IBSEN'S DRAMATIC CONSTRUCTION COMPARED WITH SHAKESPEARE'S. *

TWICE at least, in Shakespeare and in Molière, the world has seen. how the highest skill in dramatic poetry may be developed from professional familiarity with the stage, either in acting or in managing. To these two great examples, in the opinion of many critics, a third is now to be added, the Norwegian, Ibsen. For he, too, by practical experience of theatrical management learned his art of dramatic composition.

And, indeed, his work as dramatic poet, whatever we may think of its higher merits, shows in every detail the skill that comes only from close professional study of the needs and conditions of theatrical presentation. He was, in fact, from 1851 to 1857 director of the theatre at Bergen, and from 1857 to 1861 director of the larger theatre at Christiana. And the best quality of his best work may be proved, I think, to be due to the practical knowledge thus acquired in the struggle of his large ideas against the small means of these poorly endowed Norwegian theatres-the knowledge of the ways of realizing, at the smallest expense in scenery and decoration, the highest effects of dramatic situation.

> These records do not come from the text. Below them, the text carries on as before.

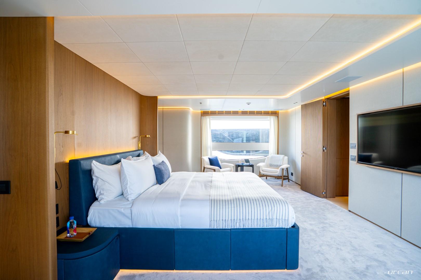M/Y COSMICO accommodates up to 12 guests across a layout that balances grandeur and intimacy. The main deck master suite offers panoramic views and generous proportions, while the lower deck includes 2 VIP cabins and 2 convertible double cabins with additional pullman berths. Premium finishes, smart entertainment systems, and elegant ensuite bathrooms ensure a seamless Monaco luxury yacht charter experience for families and couples alike.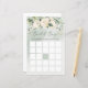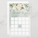Folhagem Boho Greenery com eucalipto e rosas brancas, bingo floral para festa de chá de panela com fundo de aquarela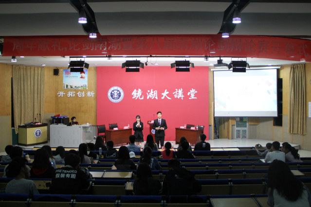 为建设我校优良学风,培养同学们的思考辨析能力和语言表达能力,助力110周年校庆,4月19日晚7时,我校第八届南湖论剑辩论赛开幕式在镜湖大讲堂顺利举行,此次活动由中国矿业大学委员会,中国矿业大学社团联合会主办,我院等多院承办。环境学院辅导员杨琪琪,电力学院辅导员冯硕,土木学院辅导员兰若文以及中国矿业大学思辨社主席赵树言,管理学院社联主席叶乐川受邀出席了本次活动。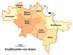 | Wasseralfingen | 15.97 | 11,767[16] | Affalterried, Brausenried, Bürgle, Erzhäusle, Heisenberg, Mäderhof, Onatsfeld, Rötenberg, Röthardt, Salchenhof, Treppach, Weidenfeld |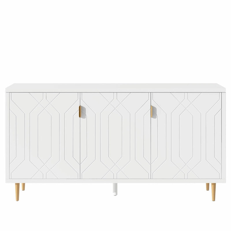 Embrace the elegance of Scandinavian style with this sleek white sideboard cabinet. Its clean lines and minimalist design make it a perfect fit for contemporary and modern decor. Boasting 3 doors and 3 adjustable shelves, this cabinet effortlessly organizes DVDs, game consoles, magazines, and more. Crafted from durable MDF and particle board, its fluid pattern inset on the door fronts and tapered metal legs contribute to its playful and contemporary appearance.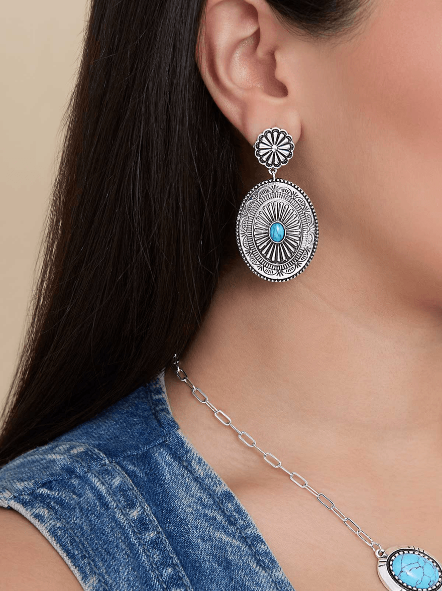 Transform your accessory collection with the exquisite Jessica Simpson Boho Chic Earrings Silver. These stunning earrings feature intricate mandala-inspired designs, perfectly blending traditional artistry with modern bohemian flair. The radiant turquoise stone at the center adds a vibrant pop of color, making these earrings a must-have for any fashion-forward individual.

But there was in Ibsen's own nature an element that gave to the result of these ten years of practical expression a character altogether different from the result to be observed either in Shakespeare's case or in Molière's. For by force of natural talent Ibsen was not, I think, like Molière and Shakespeare, a poet of the dramatic kind, but a poet of the lyrical kind. That is, his natural strength lay, not in observing the characters nor in representing the customs and the actions of other people, but in putting his own emotions and his own thoughts before us in forms of pure lyrical imagination. When, for example, I began, in my youth, to form acquaintance with his poetry, the charm that seized me was the charm of his intense lyrical expression. There seemed to me in those early years little that was either strong or beautiful in his dramatic

*Read before the New York Shakespeare Society, May 14, 1891.